Virginia Estévez1, Stefan Mattbäck2,3, Anton Boman3, Pauliina Liwata-Kenttälä3, Kaj-Mikael Björk1, and Peter Österholm2
Virginia Estévez et al.
  • 1Arcada University of Applied Sciences, Finland (estevezv@arcada.fi)
  • 2Geology and Mineralogy, Åbo Akademi University, Finland
  • 3Geological Survey of Finland, Finland

One of the main challenges in digital soil mapping is the imbalanced datasets for soils classification. For these datasets, machine learning techniques use to overestimate the majority classes and underestimate the minority ones. In general, this generates maps with poor precision and unrealistic results. Considering these maps for land use decision-making can have dire consequences. This is the case of acid sulfate (AS) soils, a type of harmful soil that can generate serious environmental damage when drained in agricultural or forestry activities. In the study area, the probability of finding AS soils is very high. Furthermore, some of the most hazardous AS soils in Finland are located there [1]. Therefore, it is necessary to create high-precision maps to avoid environmental damage. Since the dataset for this region is highly imbalanced, the first step in creating accurate maps is to balance the dataset. Although most  soil class datasets in nature are imbalanced, this problem has been hardly studied. In this work, we analyze different techniques to address the problem of imbalanced datasets. The methods considered to balance the dataset are under- and oversampling techniques and the combination of both. For the oversampling of the minority class, we create a kind of artificial samples from the quaternary geological map. The method used for the modeling is Random Forest, one of the best methods for the classification of AS soils [2,3]. Balancing the dataset improves the performance of the model in all the studied cases, where the values of the metrics for both classes are above 80%. Furthermore, we create AS soil probability maps for the four balanced datasets and the imbalanced dataset. A detailed comparison between the maps is made. In addition, the extent of the AS soils obtained in all the cases is compared with the extent of the AS soils in the conventionally produced occurrence map [1]. The modeled probability maps created from the balanced datasets have a high precision. The results of this study confirm the importance of balancing the dataset to improve the prediction and classification of AS soils.

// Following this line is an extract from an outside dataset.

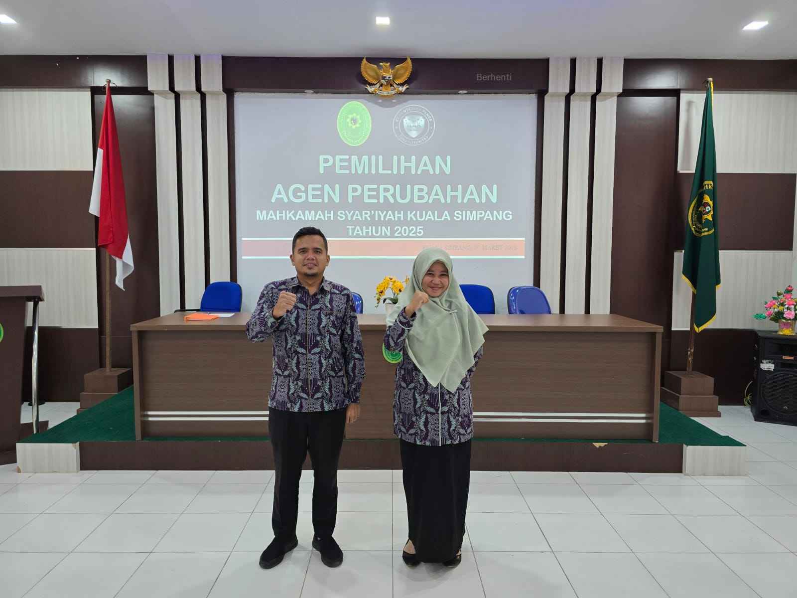 Terpilihnya 2 (dua) kandidat terbaik yaitu Ahmad Arif Daniel, S.H.I., M.Ag. (Hakim) dan Devi Amanda Sari, A.Md.A.B. (Klerek - Pengelola Penanganan Perkara) dengan harapan semoga memberikan kontribusi nyata dalam mendorong perubahan positif dan meningkatkan kualitas pelayanan di Mahkamah Syar'iyah Kuala Simpang. Peran yang diemban sebagai Agen Perubahan sangat vital dalam memperbaiki sistem kerja dan membangun komunikasi yang lebih baik antar pegawai.
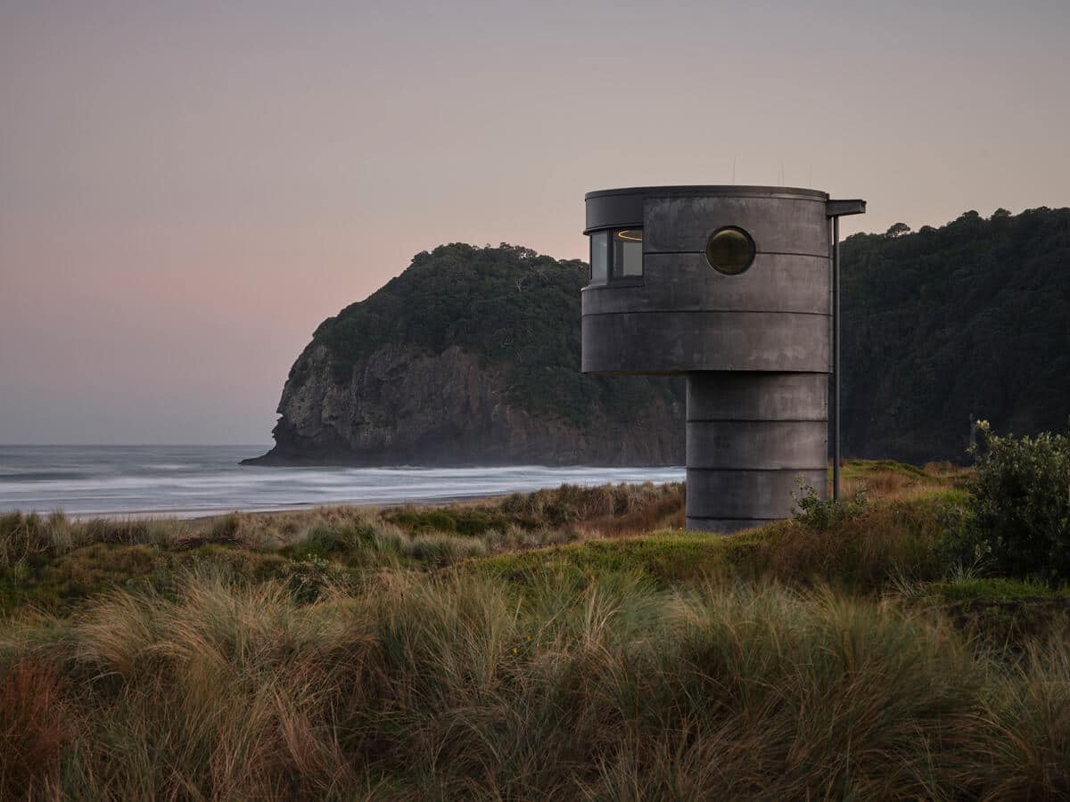 There’s a new surf life-saving tower on North Piha Beach. It’s circular, sculptural, made almost entirely of concrete, and coloured with PeterFell’s 699 SuperBlack oxide — a shade that speaks to the famously dark and rugged West Coast.

[1] Geological Survey of Finland. Acid Sulfate Soils–map services http://gtkdata.gtk.fi/hasu/index.html 

[2] V. Estévez et al. 2022.  “Machine learning techniques for acid sulfate soil mapping in southeastern Finland”. Geoderma 406, 115446.

[3] V. Estévez et al. 2023. “Improving prediction accuracy for acid sulfate soil mapping by means of variable selection”. Front. Environ. Sci. 11:1213069.  doi: 10.3389/fenvs.2023.1213069

 

 

How to cite: Estévez, V., Mattbäck, S., Boman, A., Liwata-Kenttälä, P., Björk, K.-M., and Österholm, P.: Acid sulfate soil mapping in western Finland: How to work with imbalanced datasets and machine learning, EGU General Assembly 2024, Vienna, Austria, 14–19 Apr 2024, EGU24-1375, https://doi.org/10.5194/egusphere-egu24-1375, 2024.